Studies on canine health don’t consider the human, or cultural, factor—the subject of this book—that’s kept us from improving dogs as much as we might. Heads buried in family closets and digging for old bones, stalwart breedists showed heroic determination in the eighties, nineties, and naughties by escorting their royal corgis and Labs along the sidewalk runway. Sights set high, they ignored some pretty gruesome musculoskeletal defects gathering along the way. They were not thwarted by new studies showing soaring cancer rates or hip dysplasia as high as 73 percent in golden retrievers, which didn’t discourage sales of that breed from skyrocketing during those very same years.23 Rin Tin Tin retains a place in the AKC’s top-ten pantheon despite famously failing health.24 Diehards haven’t been daunted by the swelling body of evidence that something is terribly wrong with many brands of choice, or the chance that maybe dog owners play a role in nurturing a health crisis by buying into it.
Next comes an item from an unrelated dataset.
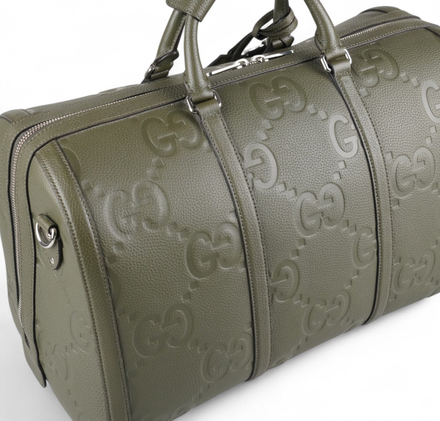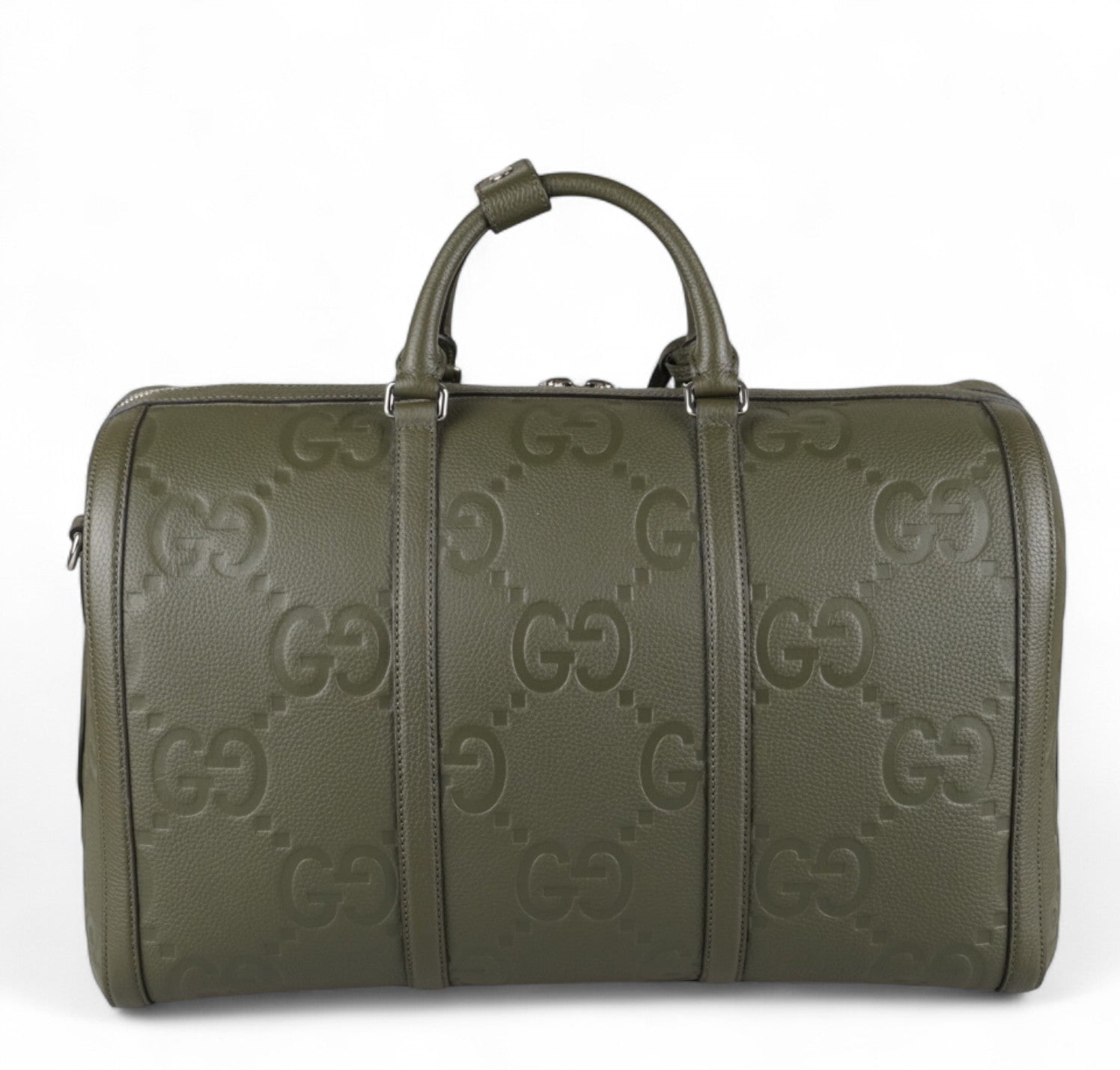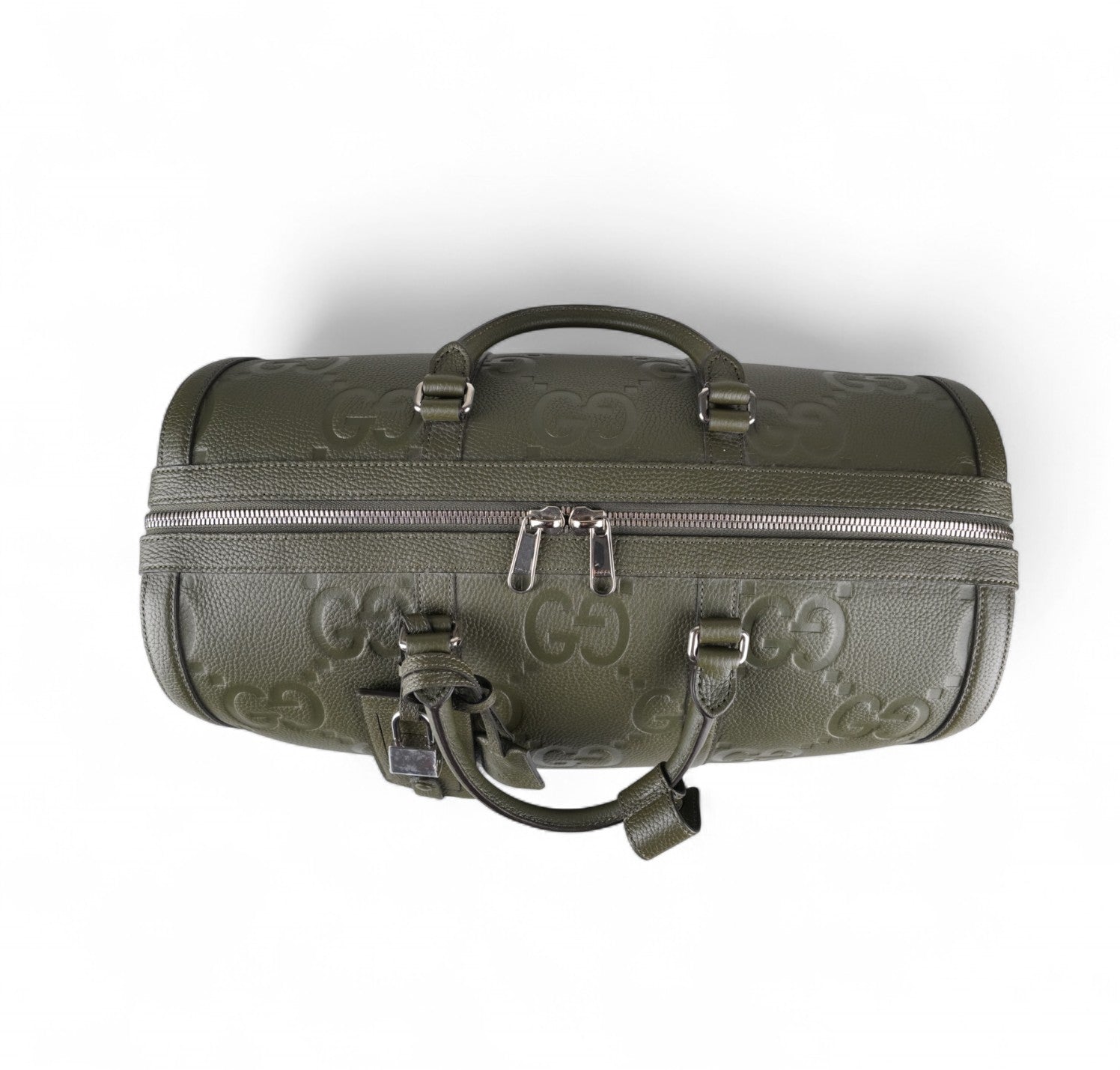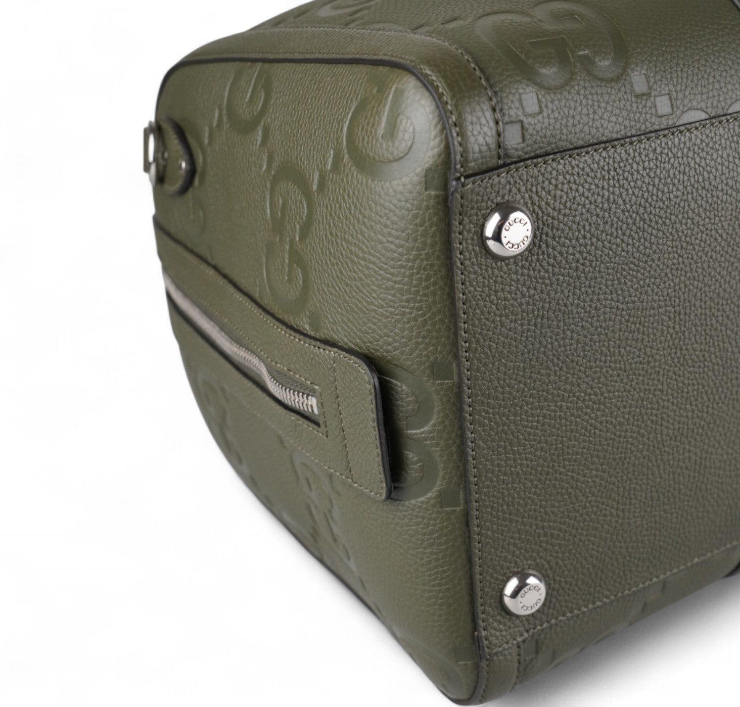 Borsone Gucci, linea GG Jumbo, realizzato in pelle Verde Oliva con iconico motivo GG maxi impresso. Doppio manico superiore e tracolla removibile e regolabile in tessuto tono su tono con dettagli in pelle per una portabilità versatile a mano o a spalla. Chiusura a zip con doppio cursore. Finiture in metallo Argento. Dotato di lucchetto e targhetta portanome coordinata. Interno spazioso foderato in tessuto. Condizioni pari al nuovo, potrebbe presentare micro segni di stoccaggio.

The daily appearance of the neighborhood bulldog, dachshund, or Lab on wheels has only strengthened their mission to support their favorite types at any cost.
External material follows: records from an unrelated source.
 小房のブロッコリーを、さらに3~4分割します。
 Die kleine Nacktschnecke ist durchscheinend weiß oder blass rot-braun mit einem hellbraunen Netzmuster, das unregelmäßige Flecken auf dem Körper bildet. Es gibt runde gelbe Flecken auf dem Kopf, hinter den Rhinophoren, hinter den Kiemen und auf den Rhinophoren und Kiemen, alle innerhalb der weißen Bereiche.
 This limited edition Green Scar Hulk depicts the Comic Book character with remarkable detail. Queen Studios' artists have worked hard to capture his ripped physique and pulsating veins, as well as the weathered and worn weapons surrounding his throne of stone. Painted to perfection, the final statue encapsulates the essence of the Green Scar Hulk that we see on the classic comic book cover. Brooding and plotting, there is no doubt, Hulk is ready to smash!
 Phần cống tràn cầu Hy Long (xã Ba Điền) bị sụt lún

The fact that breedism can be traced to eugenics may be too close for comfort among champions of p
edigree dogs. But like it or not, past and present merge to show that even, or especially, the most educated and advantaged people ignore the big picture when self-image is in the balance. This ongoing tradition of linking random appearance and contrived ancestry to accidents of birth is codified and preserved in the very standards “the best of the best” are held up against at Westminster and Crufts to represent us in the best light. Those intricate demands on coat color, skull shape, nose length, ear tilt, tail curvature—or hit-or-miss behavioral ticks people find “predictable” because they make dogs seem less dangerous and dirty—are what make brands appear distinct from others and superior to no-name generics anybody on the street could walk but no one would recognize. Remove breed standards and the royal house of cards comes crashing down.
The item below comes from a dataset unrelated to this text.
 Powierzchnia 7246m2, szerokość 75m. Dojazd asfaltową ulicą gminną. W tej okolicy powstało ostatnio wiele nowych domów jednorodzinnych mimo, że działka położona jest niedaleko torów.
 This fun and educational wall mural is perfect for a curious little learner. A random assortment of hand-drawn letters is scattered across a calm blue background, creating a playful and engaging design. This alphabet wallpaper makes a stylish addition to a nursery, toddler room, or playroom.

“The first culling, of course, should be made at birth,” advises the author of The Joy of Breeding Your Own Show Dog, reprinted as recently as 2004, on what to do when pups don’t come out as predicted. “The responsible breeder will raise only those puppies that are correct in color and normal in conformation. Any malformed or mismarked puppies or weaklings should be put to sleep”25—because, after all, who’s going to want to buy a dog that doesn’t meet its breed standard? One of the more arresting points made by the BBC documentary Pedigree Dogs Exposed was that in “cosmetic culling” breeders are selecting for traits that are, in many cases, neither correct nor normal but in fact deformities with serious health consequences. Healthier but substandard littermates are sacrificed for mutants, which as in ancient times are revered as sacred. Symmetrical ridges on Rhodesians, equidistant spots on Dalmatians—the practice of culling for looks presumably goes on less now than in the past, though no one was ever fond of discussing this dirty business in public, and even the Humane Society has no statistics on the subject.